§ **Material provided**
== Segment start ==
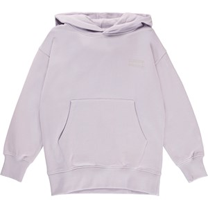 Moz is een lichtpaarse unisex hoodie met op de voorkant zakken en een zwarte logo op de linkerkant. Moz heeft een ribboord aan de mouwen en onderkant.
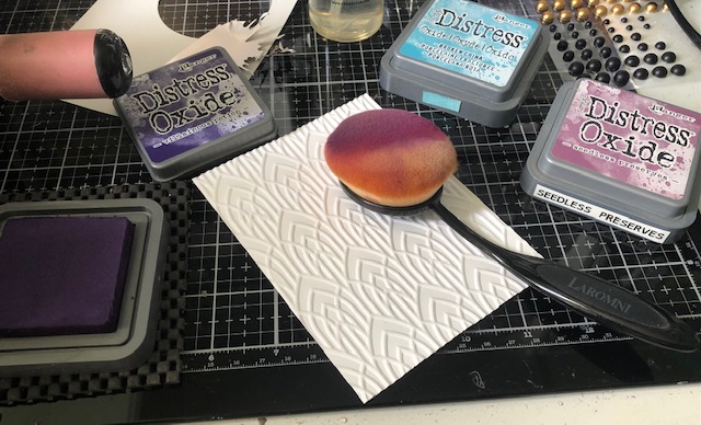 • Tim Holtz/Ranger Distress Oxides – Seedless Preserves, Broken China, Villianous Potion
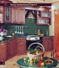 Аккуратный рамочный фасад органично дополняется стеклянными дверцами, а интересные скрытые полочки разнообразят оформление кухни. Все шкафы очень вместительные, ничто не будет загромождать столешницу. Посуда прячется в нишу над раковиной, кастрюли и сковородки в нижние шкафчики. Есть ящики для круп, полки для приправ и еще масса дополнительных отсеков.
== Segment end ==
Copy out all of the listing word for word, but skip the images.

§ **Exercise response**
 Moz is een lichtpaarse unisex hoodie met op de voorkant zakken en een zwarte logo op de linkerkant. Moz heeft een ribboord aan de mouwen en onderkant.
 • Tim Holtz/Ranger Distress Oxides – Seedless Preserves, Broken China, Villianous Potion
 Аккуратный рамочный фасад органично дополняется стеклянными дверцами, а интересные скрытые полочки разнообразят оформление кухни. Все шкафы очень вместительные, ничто не будет загромождать столешницу. Посуда прячется в нишу над раковиной, кастрюли и сковородки в нижние шкафчики. Есть ящики для круп, полки для приправ и еще масса дополнительных отсеков.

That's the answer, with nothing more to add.